Mayor allows paid-time off to tutor city students

Baltimore city government employees are now able to devote up to two work hours per week to helping third-grade students hone their reading skills, the mayor's office announced this month.

Mayor Stephanie Rawlings-Blake signed the executive order on Feb. 1, according to a release, that would allow full-time employees to volunteer in the Baltimore city school system to provide one-on-one tutoring to students struggling with reading--a cause the mayor has taken up as part of her "Third Grade Reads Initiative." 

In September, Baltimore was named among cities that received a $40,000 grant to target reading in third-grade--which research identifies as a critical point in a student's literacy development.

Currently, about 35 percent of Baltimore City's third graders are not reading at proficient levels, and the district's overall reading scores on the Maryland School Assessments slid back 2 percentage points this year.

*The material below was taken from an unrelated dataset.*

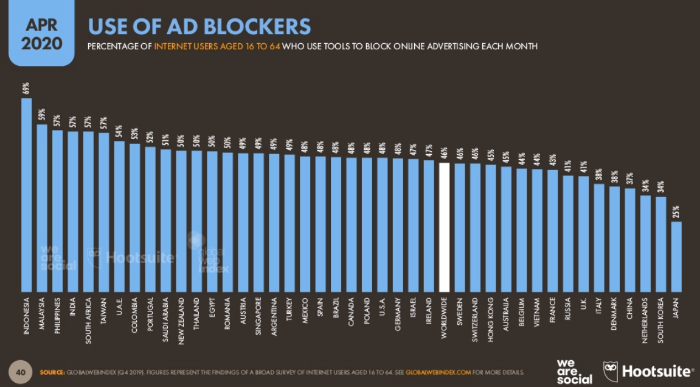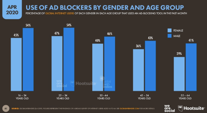Примерно половина пользователей использует блокировщики рекламы. В России доля таких респондентов достигает 41%. Интересно, что во всех возрастных группах блокирующие программы чаще устанавливают мужчины.

The initiative targets 250 of those students in four schools: Edgecombe Circle Elementary, Callaway Elementary, Friendship Academy at Cherry Hill, and Westport Academy.

According to the announcement, the program has three key components: an evidence-based  curriculum, a measure of progress and results, and a goal to have students achieve a one-grade-level increase in reading skills, on average, after 26 hours of tutoring.

The application process opened up to city employees last week. The employees have to the =hours approved by supervisors, go through training, and a criminal background check.